Court Opinion

ID: 7186172
Source: CourtListenerOpinion
Date Created: 2022-07-24 16:52:36.827719+00
Date Added: 2024-06-11T16:16:04.661694
License: Public Domain

Vookhies, J.
This case comes up on two motions to quash, and several bills of exception. The defendant was found guilty of the offence of feloniously and willfully attempting to carry a slave out of the State by land.
The first motion to quash points out as a defect, that the name of the slave is not given. It was sufficient to describe him, in the words of the indictment: “ a certain negro man, slave for life, whose name is to the jurors aforesaid unknown, but who then and there belonged to and was the property of James H. Dawson.” It is not made apparent by bill of exception, that tlie Grand Jury or the State Attorney were at the time aware of the name of the slave; the above must, therefore, be held to be a sufficient compliance with the law in describing the slave in question.
The second motion to quash sets up that the Act upon which this prosecution is based, has been repealed by the Acts of the 14th March, 1855,relative to crimes and offences,” and of the 19th of March, 1851, “ relative to slaves.” It is true that the repealing clauses of these Acts repeal all former Acts on the same subject-matter ; but we have repeatedly held, in giving effect to this clause, that it does not repeal those statutes, denouncing certain crimes and offences, upon which those Acts are silent; or, in other words, that all foregoing statutes punishing crimes and offences are not done away with, unless reference be made to these offences in the above quoted Acts of 1855 and 1857. State v. Slave Jack, ante 385.

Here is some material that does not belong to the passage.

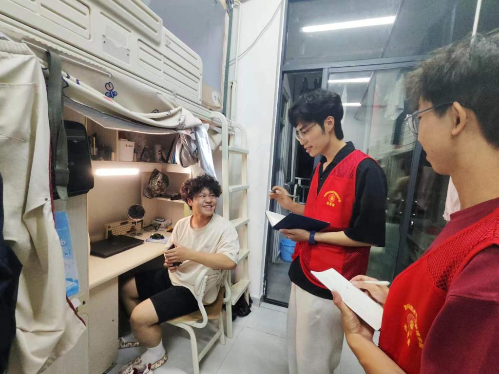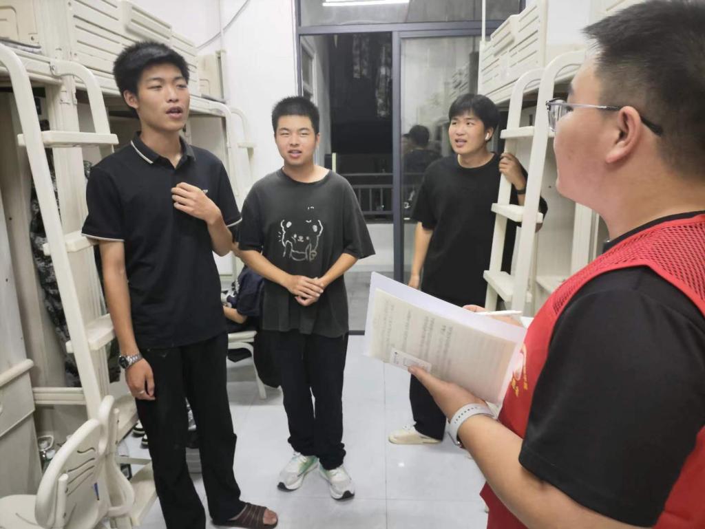 党团组织成员带着对新同学的关心和期望,走进新生宿舍。在交流中,他们详细询问了新同学的生活适应情况,包括饮食、作息、学习环境等各个方面。通过面对面的沟通,党团组织成员及时了解到新生们的需求和遇到的困难,并给予针对性的建议和帮助;在了解学生生活情况的基础上,党团组织还特别安排了理论宣讲环节。党团组织成员向新生们详细解读了党的二十届三中全会精神,通过深入浅出的讲解,新生们对党的二十届三中全会精神有了更加深刻的理解。

This case must, however, be remanded, on account of the ruling ex officio of the District Judge, rejecting the following question propounded on cross-examination by the defendant to a State witness, to-wit: “ if he was not anxious that the defendant should be convicted?” The question was a proper one, as the object of it was to show bias on the part of the witness for the prosecution. In weighing that testimony, it was all-important that the jury should have been made aware of the state of the witness’s mind on the subject; and if really he was anxious that the accused should be convicted, it would then have been the duty of the jury to ascertain to what extent, if at all, his credibility was affected.
It is, therefore, ordered and decreed, that the judgment of the District Court be avoided and reverged, and that this case be remanded for further proceedings.